In HAT DANCE, the latest Emilia Cruz novel due out later this summer, Acapulco detective Emilia Cruz is on the hunt of a missing local girl. The plot line is straight from the headlines coming out of Mexico. These headlines have reported—but struggled to actually document—the high numbers of the missing in Mexico as a result of the country’s drug war.
During the last years of Mexican President Felipe Calderon’s administration most commentators were saying at least 60,000 were missing due to drug violence over the past six years. Most of the news about Mexico focused on drug violence.

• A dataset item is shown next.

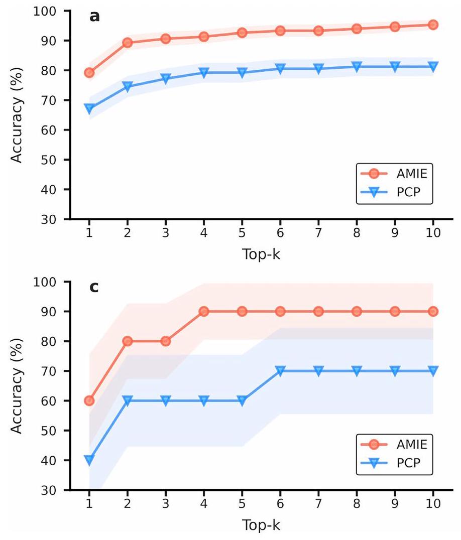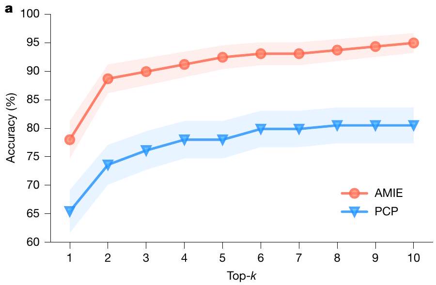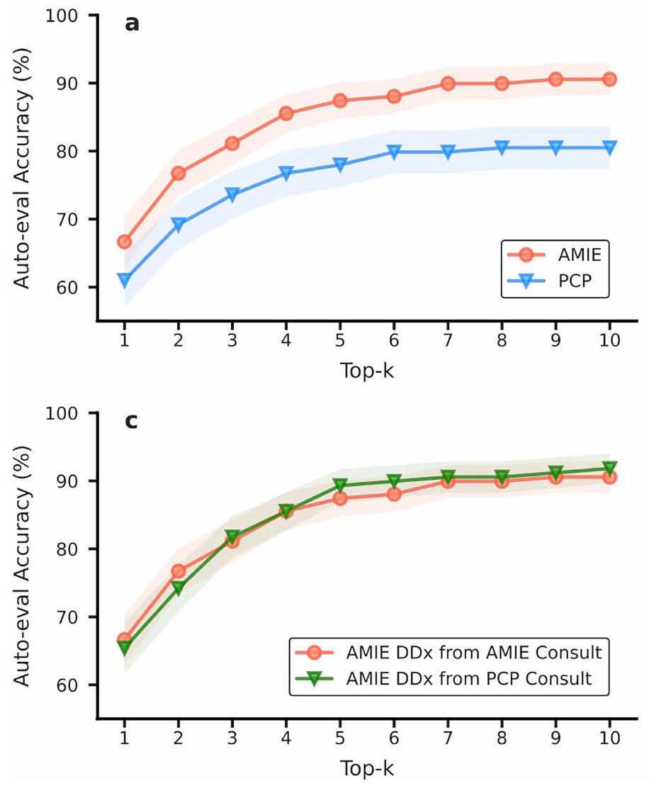 تم تقييم دقة تشخيص AMIE على أنها أعلى من دقة الأطباء العامين. الشكل 3 يوضح الأعلى-الدقة لـ AMIE و PCPs، مع الأخذ في الاعتبار المطابقات مع التشخيص الحقيقي (الشكل 3أ) والمطابقات مع أي عنصر في التفريق المقبول (الشكل 3ب). أظهرت AMIE دقة أعلى بشكل ملحوظ في القمة-دقة أكثر من تلك الخاصة بـ PCPs عبر جميع القيم لـ ( ). لاحظ أنه، على عكس AMIE، لم تقدم PCPs دائمًا عشرة تشخيصات في DDxs الخاصة بهم ( يعنيبالإضافة إلى ذلك، قمنا بإجراء مقارنة لدقة التشخيص التفريقي بين AMIE وأطباء الرعاية الأولية من خلال تغيير المعايير لتحديد التطابق (أي، يتطلب تطابقًا دقيقًا مقابل مجرد تشخيص ذي صلة عالية). النتائج الموضحة في الشكل التوضيحي الإضافي 2 تدعم بشكل أكبر أداء AMIE المتفوق في التشخيص التفريقي عبر معايير المطابقة المختلفة.

But the administration of new president Enrique Peña Nieto is trying to create a different narrative, it seems to me, one that highlights Mexico’s emerging economic power, focuses on the country’s rich cultural offerings, and emphasizes reform and stability rather than cartel arrests.
In an interview in the May edition of my favorite magazine, Monocle, President Peña Nieto—or EPN as pundits call him—discussed drug violence and Mexico’s disappeared by saying he was focusing on “the root causes [of violence which are] inequality, poverty and the absence of opportunities for the population.”
I couldn’t agree more. I’ve written before about how Mexico’s unequal social system keeps people from being able to move up in society and encourages youth to look to the drug cartel lifestyle as a way to obtain the goods and respect that they cannot get in Mexico’s formal economy. I think EPN and his team have been fairly successful so far in getting attention away from drug violence and on to economic and cultural issues. Heck, when Thomas L. Friedman writes glowingly about your economic prospects, you know the message is getting out.
But what about the missing and the continuing unacceptable levels of violence? In late May the new Interior Secretary reported that a new review suggested that there aren’t as many as everybody thought and that drug violence-related deaths have dropped significantly since December 2012 (when EPN was inaugurated). Non drug violence-related deaths are up, however, leading some to wonder if this is a convenient whitewash.
Not to worry. Shortly after announcing that there might not be as many disappeared as thought for years—and after families of the missing camped out in front of his office continued a hunger strike–EPN’s attorney general formed a federal missing persons unit. The unit will include 12 federal investigators and a unit of the federal police.
As things stand now, many families conduct their own investigations to find out what happened to missing family members. The cost to find missing family members is high, however, both in terms of danger and monetary costs. Local authorities are either fearful of cartel reprisals or simply too overworked to vigorously pursue cases. A notable exception is Nuevo León. It is “one of the only states where you see prosecutors actually doing the due diligence of conducting investigations, meeting with families, going to the crime scene, taking common-sense steps to advance the investigation,” according to Nik Steinberg, an investigator with Human Rights Watch.
As a mystery author one of the things I do best is to ask questions:
1. How successful can EPN’s new unit be? The federal police have been implicated in many disappearances, according to a report released in February by the Human Rights Watch. “President Peña Nieto has inherited one of the worst crises on disappearances that have occurred in Latin America throughout history,” said José Miguel Vivanco, the Americas director of the international watchdog organization. The report details numerous cases directly tied to Mexico’s military and law enforcement agencies.
As long as the unit stays clean, they’ve got a chance to restore faith in government institutions. But their numbers are a drop in the bucket when it comes to the manpower needed to tackle the problem.
2. If there aren’t as many disappeared as initially thought and drug related violent deaths are on the wane, is this unit just lip service? Given the continuing drumbeat of headlines such as: Cancun Drug Murders: 6 Strangled, 1 Decapitated In Mexico Resort Town and No Clues Yet in Case of Mexico City’s Missing 11, I’m wondering if the new statistics won’t be quietly revised upward at some point. Keep in mind that these are headlines from a US national level news outlet–how much more of Mexico’s news stays local?
It remains to be seen if this new unit will help local investigations that are closest to the locus of crimes and could be much more effective. Local authorities need to be both honest and protected so they can pursue investigations.
As long as this new unit honestly and vigorously pursues the cases of the disappeared I’ll keep the faith. Meanwhile, Acapulco detective Emilia Cruz will keep looking for the women she calls las perdidas.–the lost ones.
Finally, may all those who seek the missing in Mexico find what they seek. While they may not find their loved ones, I pray they find answers. And peace.